EXERCISE GOAL -
Repeat the listing exactly. Any picture in it should be left out of the copy.

DATASET SECTION -
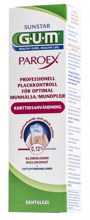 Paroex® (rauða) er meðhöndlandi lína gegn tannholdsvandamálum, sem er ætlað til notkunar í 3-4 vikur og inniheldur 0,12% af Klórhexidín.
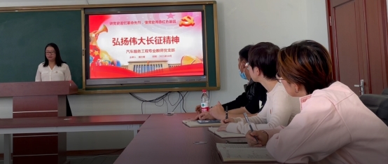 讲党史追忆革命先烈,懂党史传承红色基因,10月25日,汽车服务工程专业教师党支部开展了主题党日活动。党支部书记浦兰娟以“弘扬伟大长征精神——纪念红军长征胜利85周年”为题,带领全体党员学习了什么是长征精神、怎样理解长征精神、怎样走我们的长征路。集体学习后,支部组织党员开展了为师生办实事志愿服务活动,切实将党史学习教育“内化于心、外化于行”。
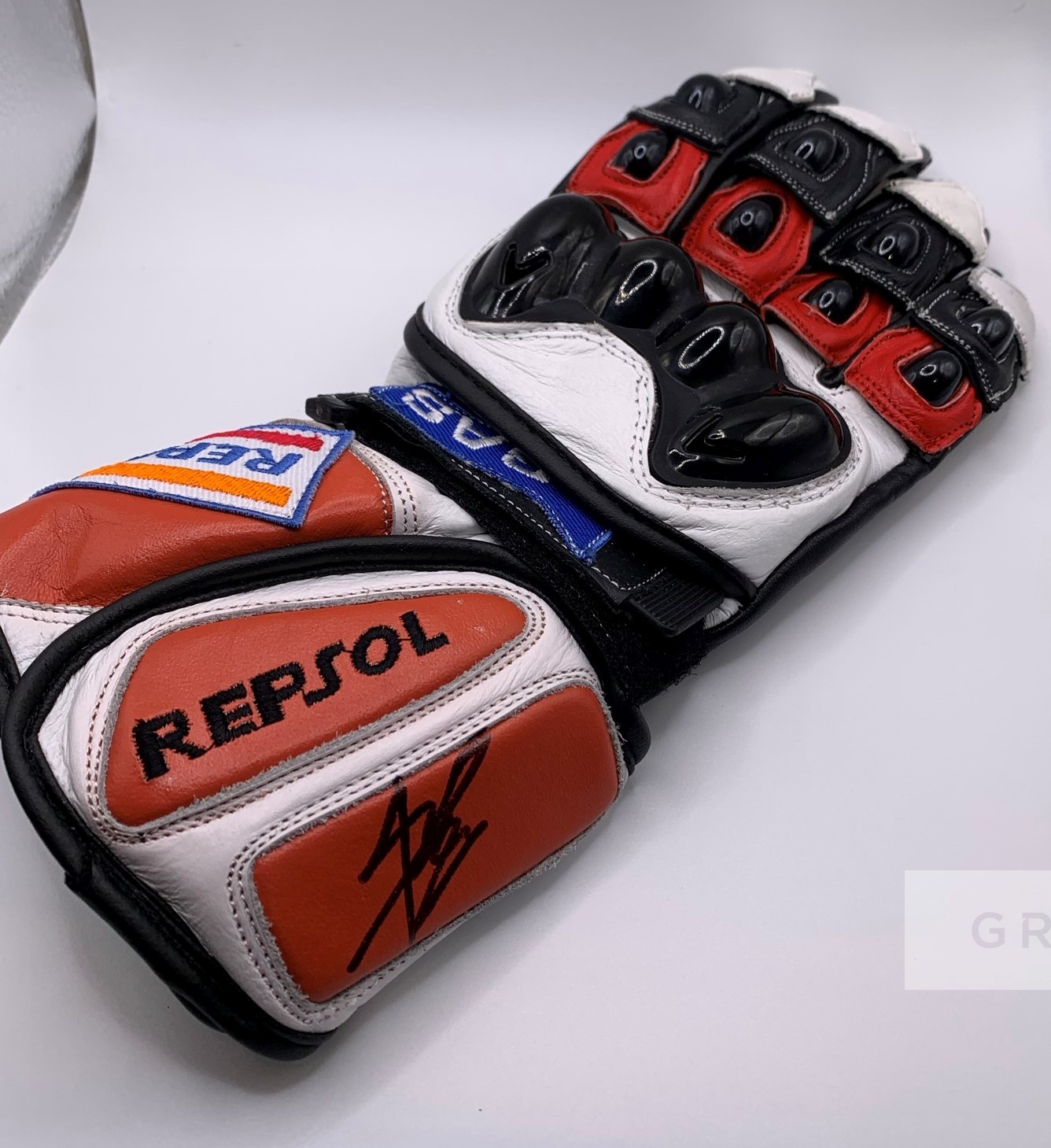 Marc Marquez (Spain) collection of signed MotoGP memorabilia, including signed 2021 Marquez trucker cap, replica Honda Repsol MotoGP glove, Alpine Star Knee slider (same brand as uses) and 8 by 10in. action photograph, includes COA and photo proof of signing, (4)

WRITTEN ANSWER -
 Paroex® (rauða) er meðhöndlandi lína gegn tannholdsvandamálum, sem er ætlað til notkunar í 3-4 vikur og inniheldur 0,12% af Klórhexidín.
 讲党史追忆革命先烈,懂党史传承红色基因,10月25日,汽车服务工程专业教师党支部开展了主题党日活动。党支部书记浦兰娟以“弘扬伟大长征精神——纪念红军长征胜利85周年”为题,带领全体党员学习了什么是长征精神、怎样理解长征精神、怎样走我们的长征路。集体学习后,支部组织党员开展了为师生办实事志愿服务活动,切实将党史学习教育“内化于心、外化于行”。
 Marc Marquez (Spain) collection of signed MotoGP memorabilia, including signed 2021 Marquez trucker cap, replica Honda Repsol MotoGP glove, Alpine Star Knee slider (same brand as uses) and 8 by 10in. action photograph, includes COA and photo proof of signing, (4)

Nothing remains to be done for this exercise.